Input for this task: Begin

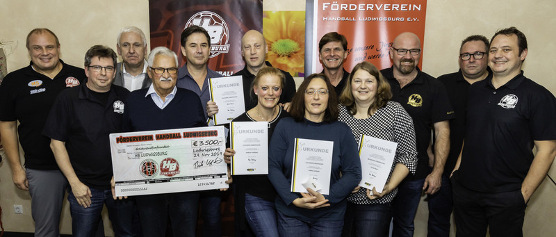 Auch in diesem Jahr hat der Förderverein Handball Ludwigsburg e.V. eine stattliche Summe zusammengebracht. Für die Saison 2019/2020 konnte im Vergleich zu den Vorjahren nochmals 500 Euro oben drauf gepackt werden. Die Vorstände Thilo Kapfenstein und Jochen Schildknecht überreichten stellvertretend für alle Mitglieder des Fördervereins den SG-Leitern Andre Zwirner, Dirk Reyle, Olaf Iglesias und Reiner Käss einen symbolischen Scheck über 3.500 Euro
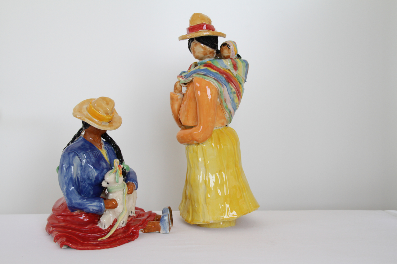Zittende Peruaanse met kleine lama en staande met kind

Input for this task: End
Input for this task: Begin

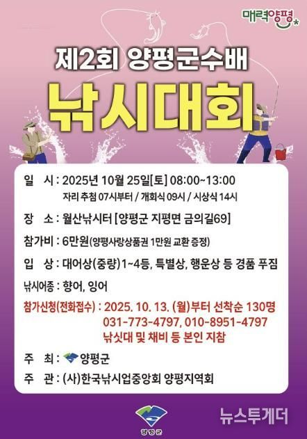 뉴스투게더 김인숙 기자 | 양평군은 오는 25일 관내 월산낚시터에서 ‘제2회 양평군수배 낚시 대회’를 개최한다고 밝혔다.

Input for this task: End
Input for this task: Begin

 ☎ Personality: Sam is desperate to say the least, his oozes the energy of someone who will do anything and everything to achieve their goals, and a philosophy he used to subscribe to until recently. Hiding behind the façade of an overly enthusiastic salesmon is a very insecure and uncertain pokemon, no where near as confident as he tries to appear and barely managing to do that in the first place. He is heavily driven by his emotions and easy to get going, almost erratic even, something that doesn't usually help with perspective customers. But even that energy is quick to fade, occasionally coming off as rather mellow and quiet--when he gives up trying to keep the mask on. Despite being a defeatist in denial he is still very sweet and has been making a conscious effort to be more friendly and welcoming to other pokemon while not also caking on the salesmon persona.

Input for this task: End

The answer should consist only of the lines above from the one with "Auch in diesem" through the one with "Zittende Peruaanse met", repeated exactly, with no pictures among them.

 Auch in diesem Jahr hat der Förderverein Handball Ludwigsburg e.V. eine stattliche Summe zusammengebracht. Für die Saison 2019/2020 konnte im Vergleich zu den Vorjahren nochmals 500 Euro oben drauf gepackt werden. Die Vorstände Thilo Kapfenstein und Jochen Schildknecht überreichten stellvertretend für alle Mitglieder des Fördervereins den SG-Leitern Andre Zwirner, Dirk Reyle, Olaf Iglesias und Reiner Käss einen symbolischen Scheck über 3.500 Euro
Zittende Peruaanse met kleine lama en staande met kind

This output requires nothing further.